GOAL OF THE EXERCISE = Include in the reply only the lines from the start of the data below through the line containing "Liebe Unterstützer/innen! Morgen", reproduced exactly and with no pictures.

GIVEN DATA below:

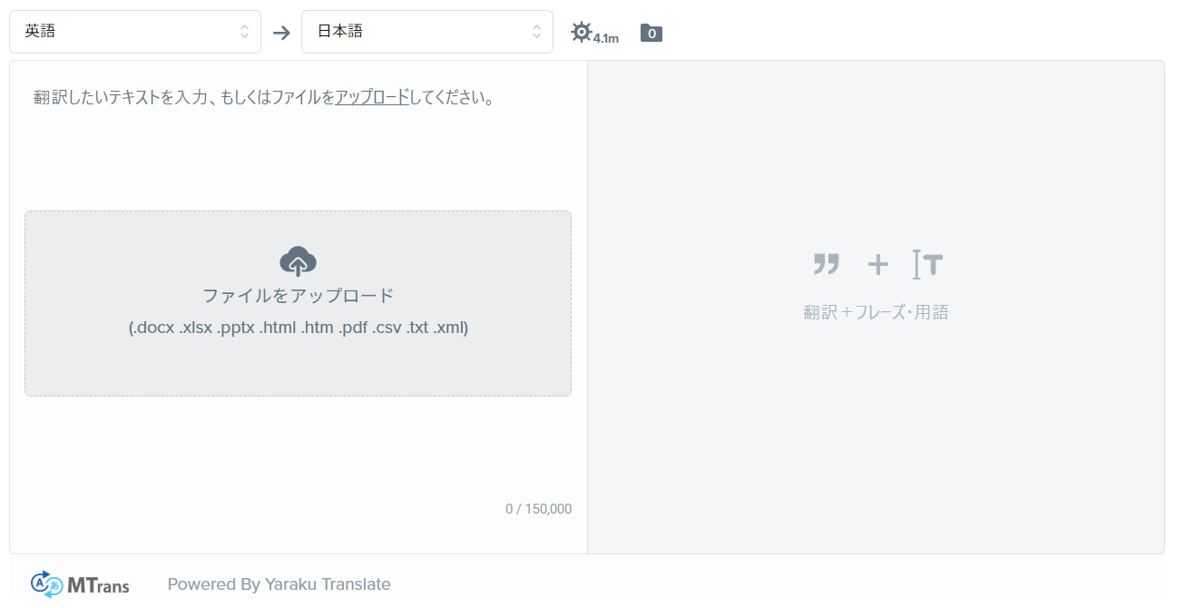 弊社の自動翻訳製品のMTrans TeamにもPDF翻訳機能が搭載されています。PDFファイルをアップロードして翻訳できます。テキストベースのPDFとスキャンPDFの両方に対応しています。自動翻訳を行う翻訳エンジンとしてGoogle、Microsoft、NAVER Papago、OpenAI、Claudeから選択できます。レイアウトを保ったまま翻訳され、翻訳済みファイルは、編集可能なWordファイルとしてダウンロードできます。ファイルサイズの上限は45MBです。
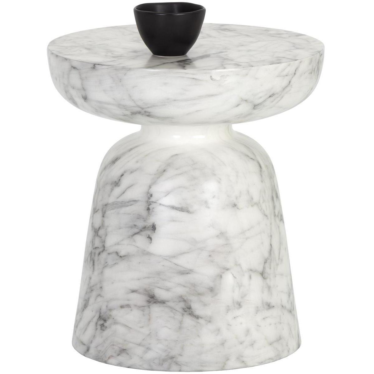 This alluring concrete end table will add depth and excitement to any space. The painted white marble-look finish makes it ideal for contemporary indoor and outdoor placements. Suitable for indoor and covered outdoor spaces.
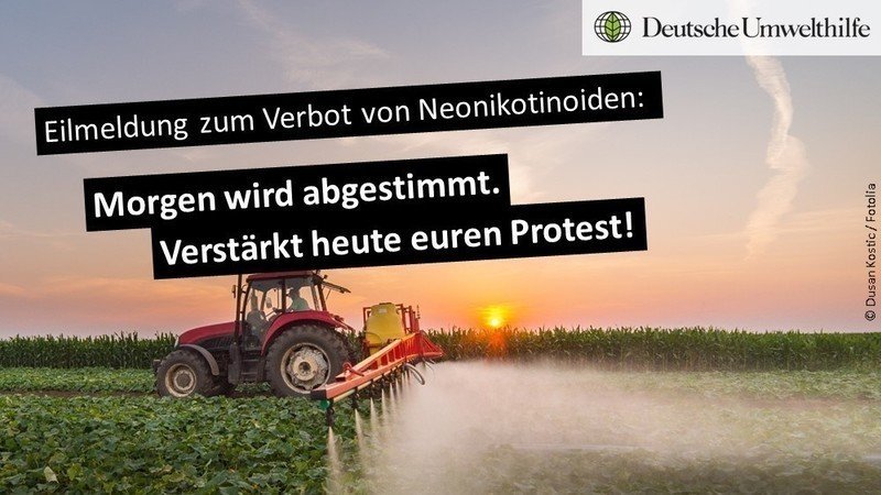 Liebe Unterstützer/innen! Morgen treffen sich die Vertreter/innen der EU-Mitgliedsstaaten, um über ein Verbot von Neonikotinoiden abzustimmen. Das ist unsere Chance! Julia Klöckner muss unbedingt für ein Verbot stimmen! Schreibt ihr heute noch eure persönliche Protestmail, damit sie die richtige Entscheidung für Deutschland und für die Bienen trifft: www.duh.de/bienen
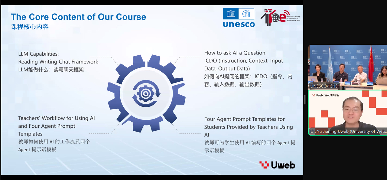 Uweb创始人兼校长、中国通信工业协会区块链专委会共同主席、中国移动通信联合会元宇宙产业委员会执行主任于佳宁博士详细讲解了第三门课程“使用人工智能进行教学:实用技巧”。于博士从课程的目的、大纲及核心内容进行了系统介绍。他指出,生成式人工智能技术将可能彻底变革当前的学习与教育模式。基于此,课程提供了如何在教学和学习中使用大规模语言模型(LLMs)的具体指导,包括教师提示词技巧,以及将GenAI整合进课堂的注意事项和实际操作示范。此外,于博士还强调了人工智能、区块链技术及其在Web3.0时代融合的重要性,并详细阐述了课程的四大核心内容。
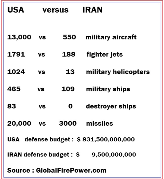 I was looking for that kind of information because some fools on facebook are saying the USA is being defeated by Iran ! Which is absurd Thank you M Dowling ! And for what this is worth, I went to GlobalFirePower.com and made a table from the numbers they provide, which I hope are accurate ( Missile number is an… Read more »
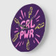 Relógio Grande Slogan feminista do poder feminino, fundo violeta.
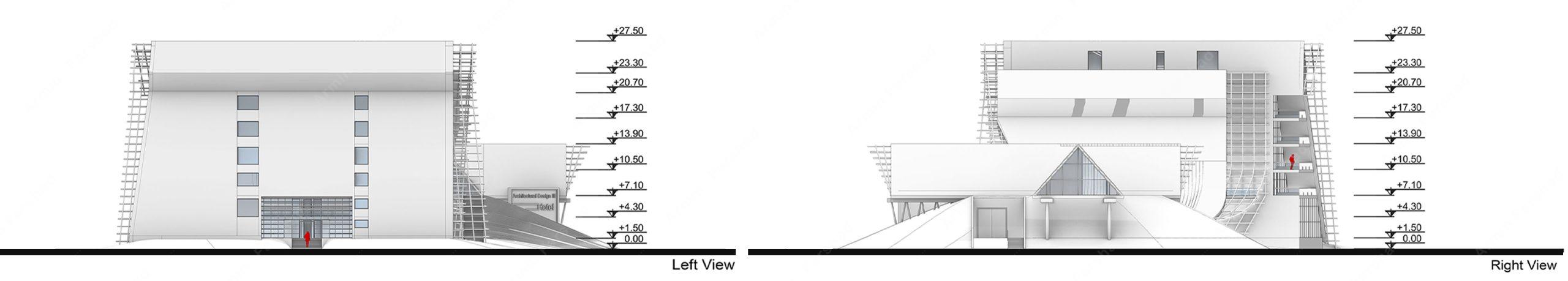 این پروژه شامل طراحی یک هتل در بندر انزلی، استان گیلان بود—شهری با آبوهوای مرطوب و بارندگی شدید در زمستان. تأمین آسایش مهمانان نیازمند توجه به رطوبت، محافظت در برابر باران و نیازهای عملکردی بود. نتیجهی این فرآیند طراحی اقلیممحور، هتلی چندمنظوره شد که در ادامه نمایش داده شده است.
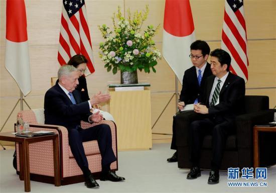 2月3日,在東京,日本首相安倍晉三(右前)與到訪的美國國防部長馬蒂斯(左前)舉行會談。
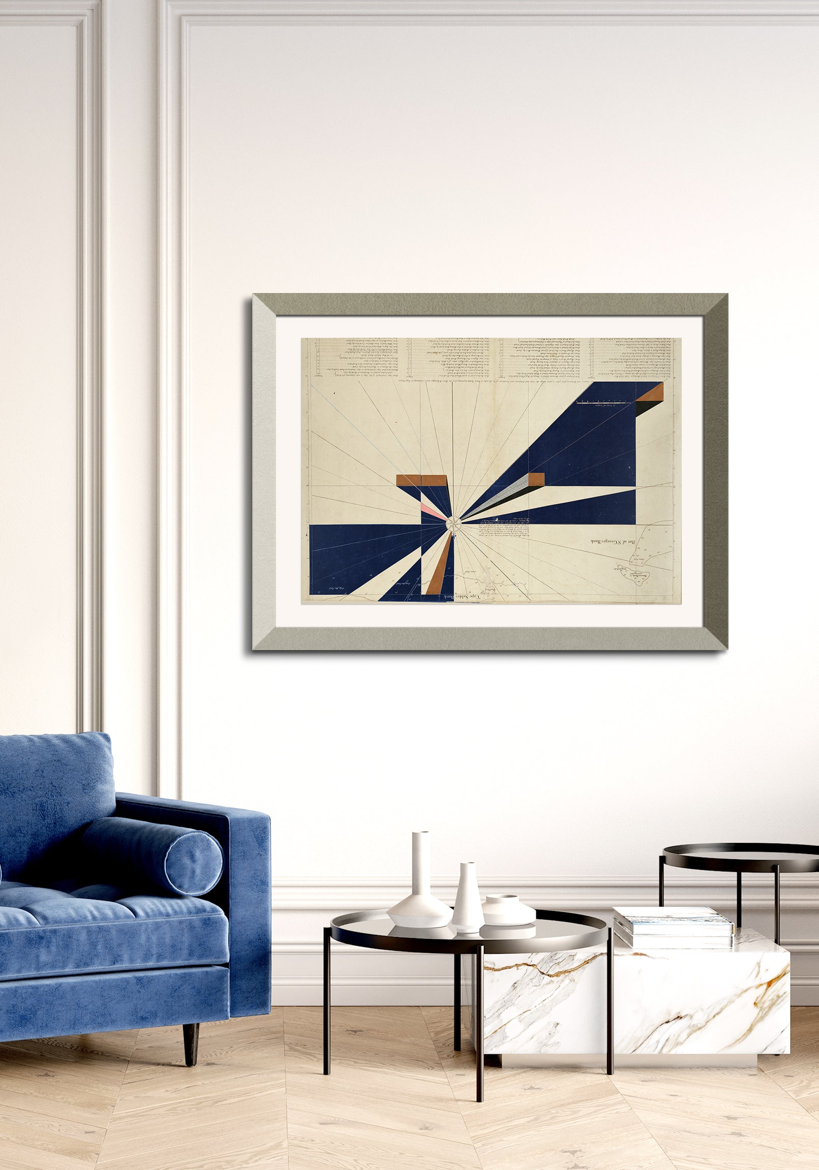 The image with the framed artwork is a simulation to provide a general sense of scale and framing options, suggesting a 10-15cm margin between the artwork and the frame, which could be achieved with a passepartout, or a foam on the background.

End of GIVEN DATA.

RESPONSE =
 弊社の自動翻訳製品のMTrans TeamにもPDF翻訳機能が搭載されています。PDFファイルをアップロードして翻訳できます。テキストベースのPDFとスキャンPDFの両方に対応しています。自動翻訳を行う翻訳エンジンとしてGoogle、Microsoft、NAVER Papago、OpenAI、Claudeから選択できます。レイアウトを保ったまま翻訳され、翻訳済みファイルは、編集可能なWordファイルとしてダウンロードできます。ファイルサイズの上限は45MBです。
 This alluring concrete end table will add depth and excitement to any space. The painted white marble-look finish makes it ideal for contemporary indoor and outdoor placements. Suitable for indoor and covered outdoor spaces.
 Liebe Unterstützer/innen! Morgen treffen sich die Vertreter/innen der EU-Mitgliedsstaaten, um über ein Verbot von Neonikotinoiden abzustimmen. Das ist unsere Chance! Julia Klöckner muss unbedingt für ein Verbot stimmen! Schreibt ihr heute noch eure persönliche Protestmail, damit sie die richtige Entscheidung für Deutschland und für die Bienen trifft: www.duh.de/bienen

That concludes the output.